The warmth was Clara’s breathing heaving. He lifted his head, and looked into her eyes. They
were dark and shining and strange, life wild at the source staring into his life, stranger to him, yet
meeting him; and he put his face down on her throat, afraid. What was she? A strong, strange,
wild life, that breathed with his in the darkness through this hour. It was all so much bigger than
themselves that he was hushed. (…)
It seemed natural they were there; the night contained them. And after such an evening they both
were very still, having known the immensity of passion. They felt small, half-afraid, childish and
wondering, like Adam and Eve when they lost their innocence and realised the magnificence of
the power which drove them out of Paradise and across the great night and the great day of
humanity. It was for each of them an initiation and a satisfaction. To know their own
nothingness, to know the tremendous living flood which carried them always, gave them
rest within themselves. (…)
In the morning he had considerable peace, and was happy in himself. It seemed almost as if he
had known the baptism of fire in passion, and it left him at rest. But it was not Clara. It was
something that happened because of her, but it was not her. They were scarcely any nearer each
other. It was as if they had been blind agents of a great force.

6.
“There are different ways of dying. My father’s people are frightened, and have to be hauled out
of life into death like cattle into a slaughter-house, pulled by the neck; but my mother’s people
are pushed from behind, inch by inch. They are stubborn people, and won’t die.”
“Yes,” said Clara.
“And she won’t die. She can’t. Mr. Renshaw, the parson, was in the other day. ‘Think!’ he said
to her; ‘you will have your mother and father, and your sisters, and your son, in the Other Land.’

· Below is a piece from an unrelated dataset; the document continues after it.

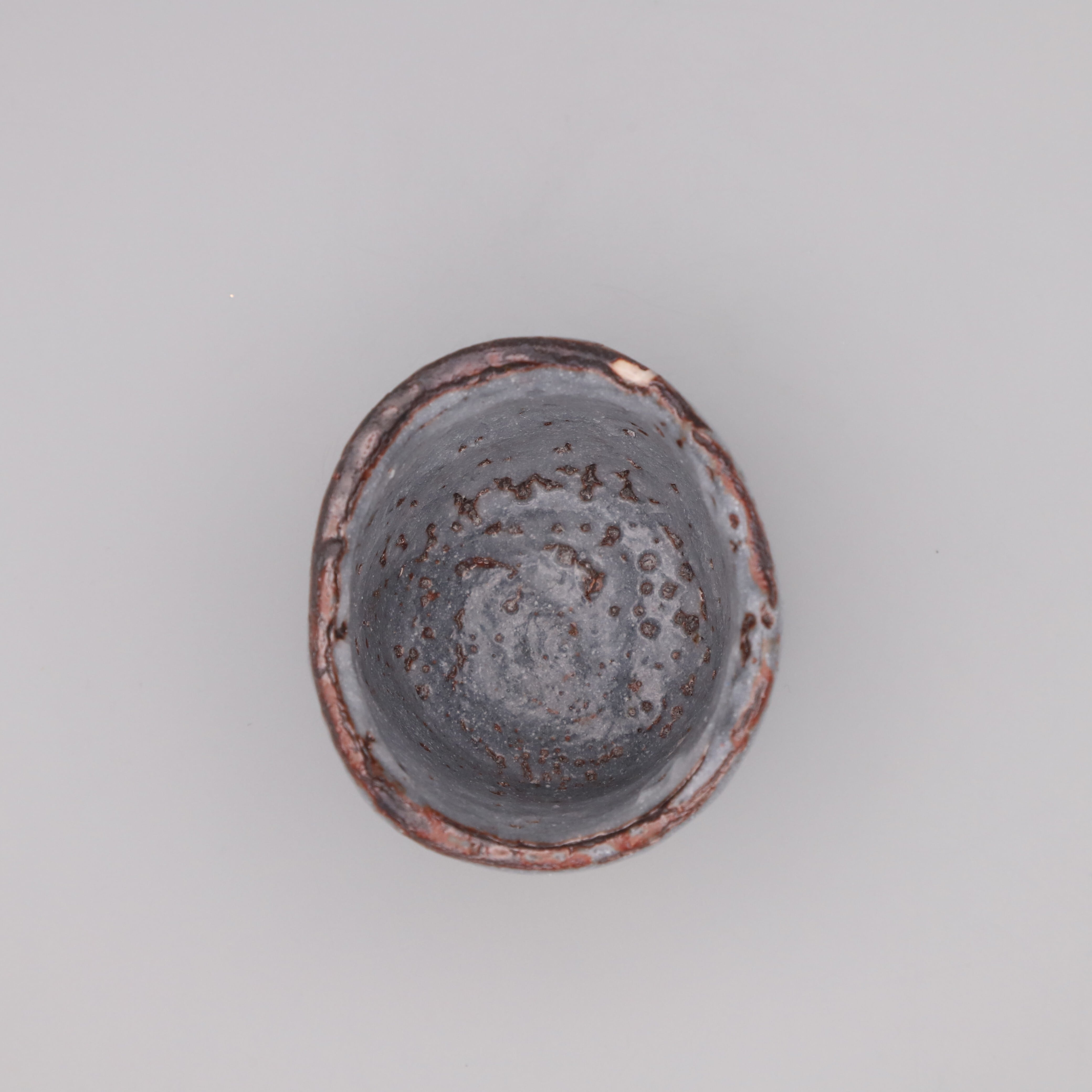 關 共歩作陶、鼠志野ぐい吞です。關作品の特徴のいびつな形と、鼠色の柚子模様に白い地肌が覗き見する様が見事な作品です。關作品には珍しく小振りに作られています。本作品は2025年6月に作陶された新作です。

And she said: ‘I have done without them for a long time, and can do without them now. It is the
living I want, not the dead.’ She wants to live even now.”
“Oh, how horrible!” said Clara, too frightened to speak.
“And she looks at me, and she wants to stay with me,” he went on monotonously. “She’s got
such a will, it seems as if she would never go—never!”

7.
Then, quite mechanically and more distinctly, the conversation began again inside him.
“She’s dead. What was it all for—her struggle?”
That was his despair wanting to go after her.
“You’re alive.”
“She’s not.”
“She is—in you.”
Suddenly he felt tired with the burden of it.
“You’ve got to keep alive for her sake,” said his will in him.
Something felt sulky, as if it would not rouse.
“You’ve got to carry forward her living, and what she had done, go on with it.”
But he did not want to. He wanted to give up.
“But you can go on with your painting,” said the will in him. “Or else you can beget children.
They both carry on her effort.”
“Painting is not living.”
“Then live.”
(…)
“Mother!” he whispered—”mother!”
She was the only thing that held him up, himself, amid all this. And she was gone, intermingled
herself. He wanted her to touch him, have him alongside with her.
But no, he would not give in. Turning sharply, he walked towards the city’s gold
phosphorescence. His fists were shut, his mouth set fast. He would not take that direction, to the
darkness, to follow her. He walked towards the faintly humming, glowing town, quickly.